Some Graphics Card Performance Factors

Here's a response to a question about graphics card performance I answered on the OpenGL message board. It's from 2004, but should still be a good start to understand graphics card performance using hardware transform and lighting.

Q: If I draw 1000 polygons per frame, what frame rates should I get on card X? Is it better than card Y?

A: If you draw 1000 polygons, and they all fill large parts of the screen (perhaps with blending, even) then no card will be able to do that at any appreciable speed.

If you draw 1000 polygons, and you have depth test/write turned off, and they're all opaque and cover only a single pixel, your frame rate should be limited by things like just getting the data to the card, rather than the number of polygons.

In brief, here are descriptions of some different bottlenecks:

Pixel write rate ("fill rate") measured as how many pixels on the screen can be written to per second. This may vary somewhat with the pattern you write in (mostly horizontal polygons _may_ draw faster than vertical, or whatever). If you touch the same pixel on the screen many times, you have a high overdraw count, and you are likely fill rate limited. You can measure whether you're fill rate limited by making the window tiny (160x120 or so); if frame rate improves, then you're probably fill rate limited.

Pixel blend rate (no good name) measured as how fast you can read back pixels to apply a second texture pass on them (and then write them back to the framebuffer again). Note that going high on utilization of this number probably will cut your raw fill rate substantially, as the framebuffer memory subsystem has to switch direction a lot, although it's also likely that there's special hardware on a modern card intended to make this additional cost as small as possible. Blend is usually implemented very close to the framebuffer memory, and may turn out to be free or almost-free on modern implementations. This is, by the way, the reason you can't blend into floating-point framebuffers, nor generally use the framebuffer as a texturing source.

Texturing rate. How many texels can be read per second? Using MIP mapping may substantially reduce your consumption of texturing rate. Depending on how memory is banked on the card, using high refresh rates or large screen spaces may reduce your texture fetch rate. Making sure the card stores textures in 16 bit mode (instead of 32) will double the amount of texels you can use in a second. Using DXT1 compression will further compress it by 4x.

Triangle setup rate. How many triangles can physically be started on the card per second, assuming you already have all coordinates transformed. As an example, I've seen a TNT2 do 18 million triangles per second, when they're all minuscle and come out of a display list, and the transform matrices haven't changed since the list was compiled.

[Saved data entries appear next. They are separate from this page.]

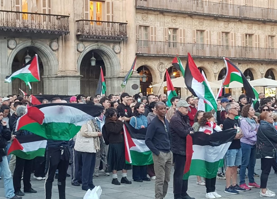 La Asamblea Internacionalista de Salamanca (Acampada por Palestina) organizó este miércoles una nueva concentración de protesta contra los ataques perpetrados el martes por la noche por parte de Israel contra la Global Summud Flotilla, que se dirige a Gaza para tratar de romper el bloqueo israelí que impide que la ayuda humanitaria llegue a la población gazatí.
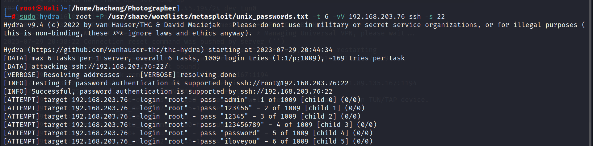 sudo hydra -l root -P /usr/share/wordlists/metasploit/unix_passwords.txt -t 6 -vV 192.168.203.76 ssh -s 22
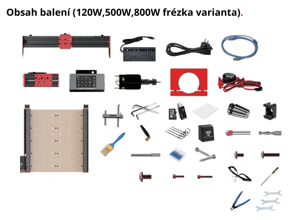 - 1x Sada 40ks fréz 3,175mm – hrubé, spirálové a kuličkové (Varianta 500W + 20W laser)
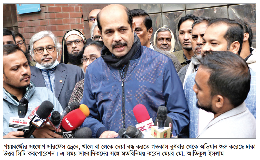পয়ঃবর্জ্যরে সংযোগ সারফেস ড্রেনে, খালে বা লেকে দেয়া বন্ধ করতে গতকাল বুধবার থেকে অভিযান শুরু করেছে ঢাকা উত্তর সিটি করপোরেশন (ডিএনসিসি)। অভিযানের অংশ হিসেবে গুলশান-২ এ ডিএনসিসির মেয়র মো. আতিকুল ইসলাম নিজে উপস্থিত থেকে সারফেস ড্রেন থেকে দুটি বাড়ির পয়ঃবর্জ্যরে সংযোগ বন্ধ করে দেন। গতকাল দুপুরে গুলশান-২ এর ১০৪ ও ১১২ নম্বর রোডের দুটি বাড়ির সামনে ড্রেনে কলাগাছ দিয়ে সারফেস ড্রেন থেকে পয়ঃবর্জ্যরে সংযোগ বন্ধ করে দেয়া হয়। এ সময় সাংবাদিকদের সঙ্গে মতবিনিময়কালে মেয়র বলেন, ‘পয়ঃবর্জ্যরে সংযোগ সারফেস ড্রেনে, খালে বা লেকে দেয়া বন্ধ করতে আজ থেকে আমরা এই অভিযান শুরু করেছি। আমাদের অভিযান অব্যাহত থাকবে। এরইমধ্যে আমরা এই তালিকা প্রণয়ন করে ফেলেছি। সারফেস ড্রেনে ও খালে পয়ঃবর্জ্যরে সংযোগ পেলে বিন্দুমাত্র ছাড় দেয়া হবে না। কোনোভাবেই ব্ল্যাক ওয়াটার সিটি করপোরেশনের ড্রেনে, খালে, লেকে ঢুকতে পারবে না।’ মেয়র আরও বলেন, কোনোভাবেই পয়ঃবর্জ্যরে সংযোগ সারফেস ড্রেনে দেয়া যাবে না। এই বিষয়ে আমরা অনেক আগে থেকেই বার বার সচেতন করে আসছি। গণবিজ্ঞপ্তিও দিয়েছি। সোসাইটির প্রতিনিধিদের নিয়ে সভা করে আমরা জানিয়েছি, যেন পয়ঃবর্জ্যরে লাইন সারফেস ড্রেনে না দেয়া হয়। বার বার বলার পরও কেউ কর্ণপাত করছে না। এ সময় তিনি বলেন, আমরা গুলশান, বনানী, বারিধারা ও নিকেতন এলাকায় সরজমিনে সার্ভে করেছি। সার্ভেতে পেয়েছি প্রায় ৮৫ শতাংশ বাড়িতেই পয়ঃবর্জ্যরে লাইন সারফেস ড্রেনে দিয়ে রেখেছে। এমনকি অনেকে চোরাই পথে সারফেস ড্রেনে পয়ঃবর্জ্যরে লাইন দিয়েছে। অভিজাত এলাকায়ই এত সমস্যা এটি এলার্মিং। এতে খাল ও লেকের পানি দূষিত হচ্ছে। এটা অত্যন্ত দুঃখের বিষয়। আমি কলাগাছ দিয়ে ড্রেনের সংযোগ বন্ধ করে দিচ্ছি। ফলে ময়লা ব্যাক ফ্লো করবে। এখন বাড়ির মালিকরা সচেতন হতে বাধ্য।
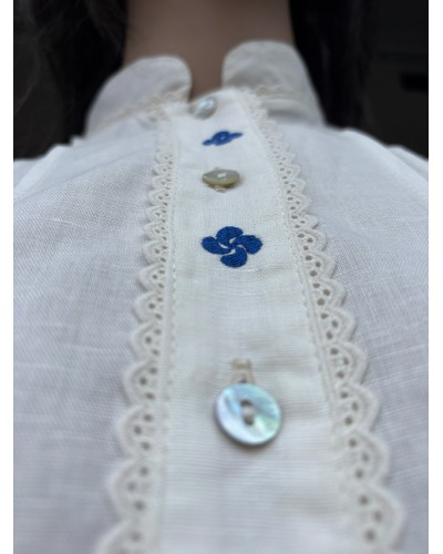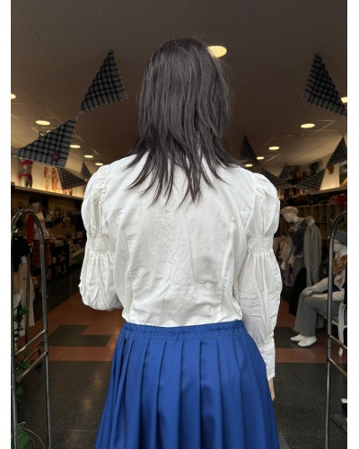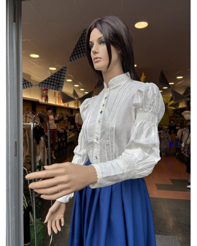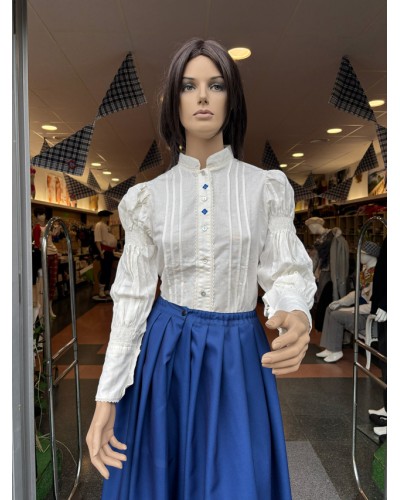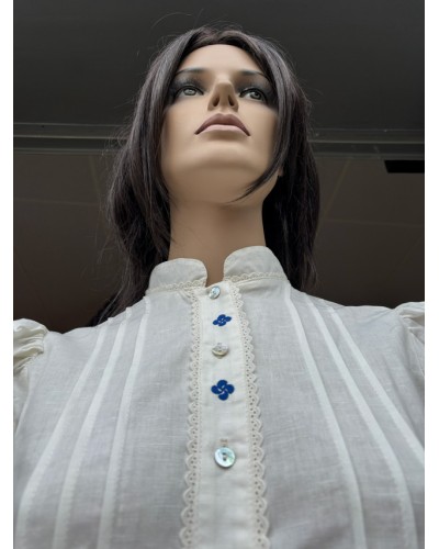 Lihoz egindako blusa zuria, ezin hobea zure euskal janzkera tipikoa laguntzeko. Estilo klasikoa du, mahuka zabalekin eta botoi apainduekin, lauburu urdin itxurako brodatuekin, eta benetako ukitu bereizgarria ematen du. Aukera moldakorra emakumeen euskal jantziaren barruan kalitatezko jantzi tradizionalak bilatzen dituztenentzat.
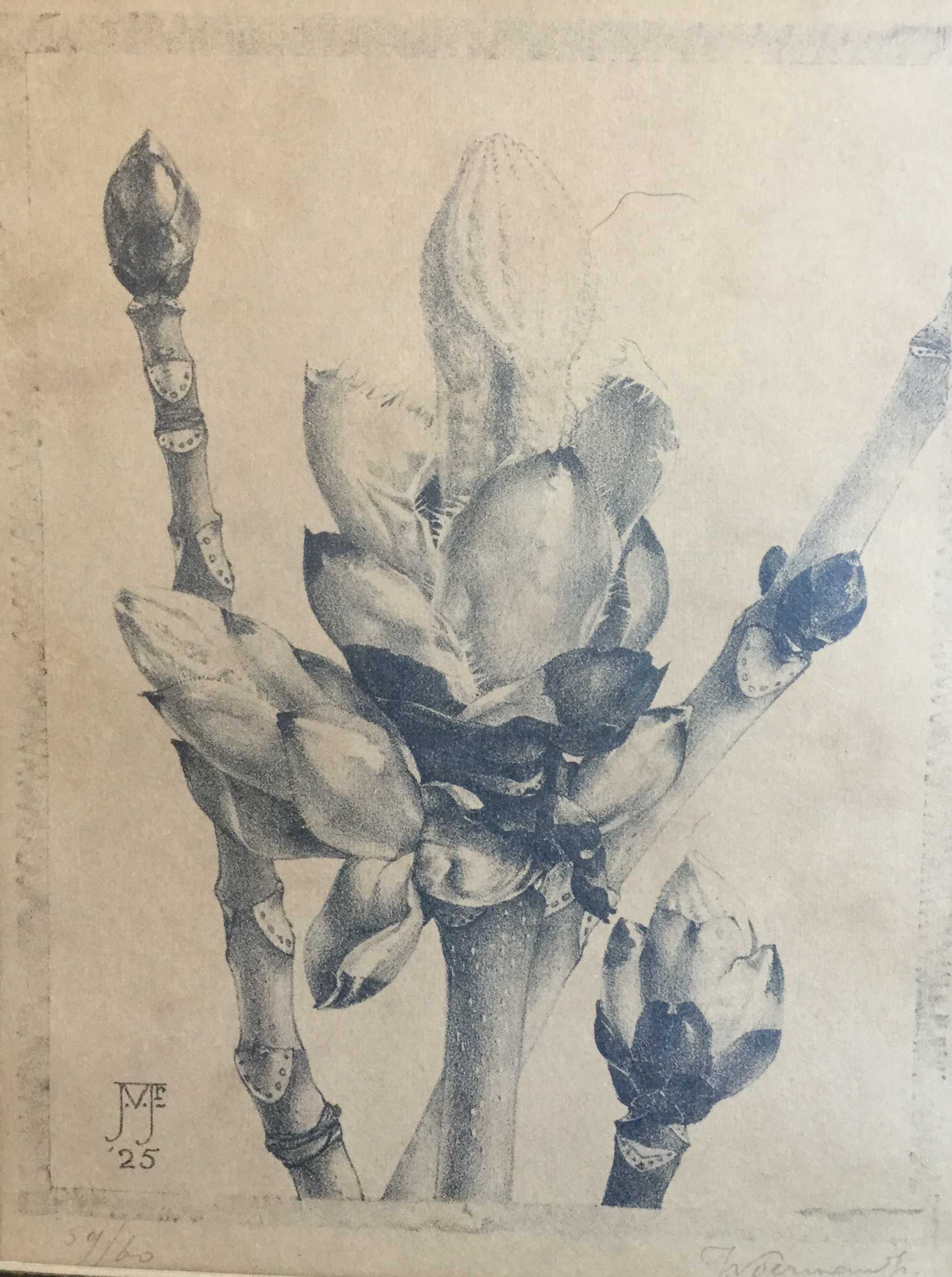 Voerman, Bloesem, r.o. gesigneerd, litho, in litho gemonogrammeerd en gedateerd 25, oplage 59/60.
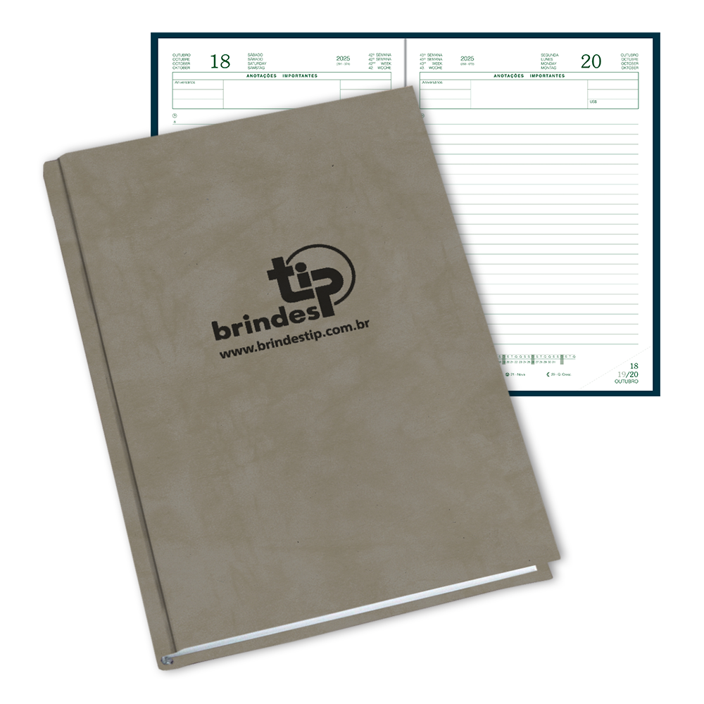 Agenda diária com picote lateral, tabelas úteis, índice telefônico e mapas coloridos. Fitilho marcador de páginas é opcional. Confeccionada somente na versão encadernada.
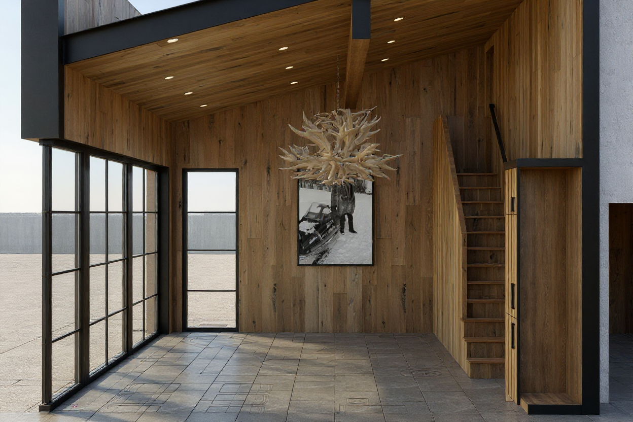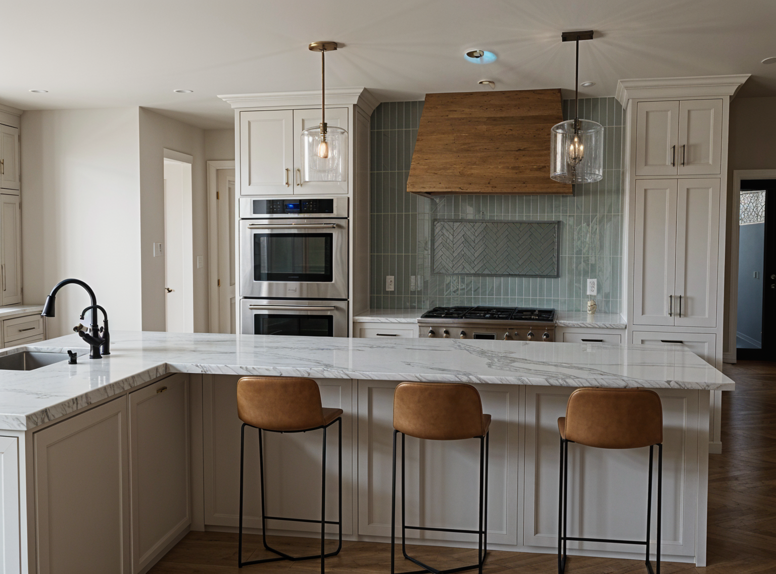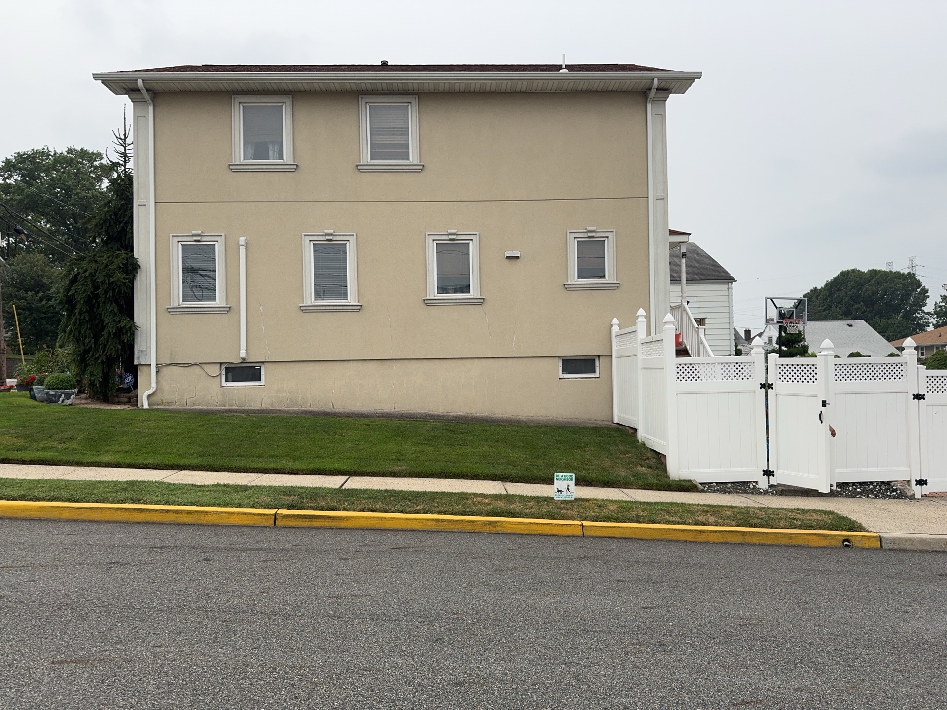 blue vinyl siding with white trim and stone veneer below
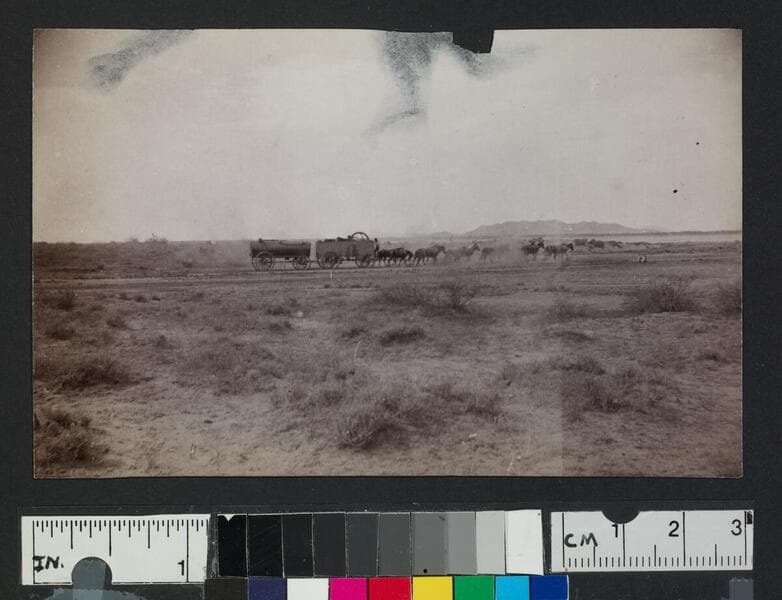 Horses pulling wagons through the desert
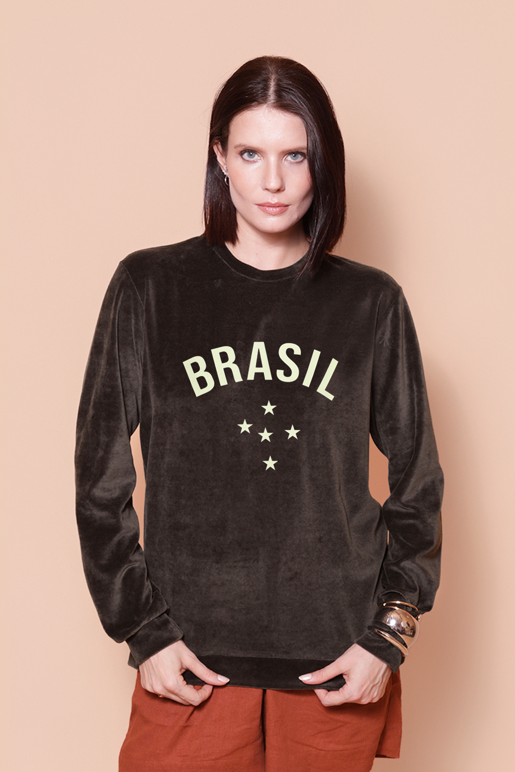 O blusão plush é confeccionado em malha de tecido similar à pelúcia, sendo ótimo para dias mais frios, proporcionando um toque agradável e sensação de conforto. Além disso, tem como estampa o nome do Brasil acima do Cruzeiro do Sul, constelação facilmente reconhecível, presente na bandeira do nosso país. O Cruzeiro do Sul aparece de forma invertida na bandeira do Brasil em relação à visão do céu, de forma que as estrelas da bandeira retratam a posição astronômica exata do céu do Rio de Janeiro, capital do Brasil, no dia 15 de novembro de 1889, data da proclamação da República do Brasil.

Jitter MODELVIEW just a little bit between each frame, and the same card/driver is down at 1.5 million/second (depending on what features you use).

Vertex transform rate ("polygons per second"). How many GL verts can the card (or driver) process per second? Divide by three, and you get the polygons per second rate. Well, except that there's a primitive called triangle strips, where you only need to submit a single vertex to get another triangle on the screen, once the first triangle has been drawn. There's also the issue of a vertex transform cache, which can make regular triangle lists perform on par with triangle strips. In fact, you can get to the point of getting one triangle on screen per 0.6 transformed vertices, for the right mesh, and the right cache. Guess which primitive the graphics vendors use when they publich "polygons per second" performance numbers?
Note that some cards (GeForce, most Radeons) actually do this in hardware on the card, and don't burden the CPU with this, so the CPU is available to prepare the next batch of graphics; other cards (like Intel Extreme of all flavors, the Matroxen before the Parhelia, NVIDIA TNT, ATI Rage and some low-end Radeons) do not have hardware transform and lighting, so they lock up the CPU until the transform is done. Other cards that use the CPU include the TNT line, the Voodoo line (remember those?), the Rage line, the S3 Savage line, built-in Intel or SiS graphcs, and pretty much most other consumer-grade graphics cards.
For cards with hardware transform, how you order your indexed primitives actually matters as well, because the post-transform vertex cache will be more or less well utilized.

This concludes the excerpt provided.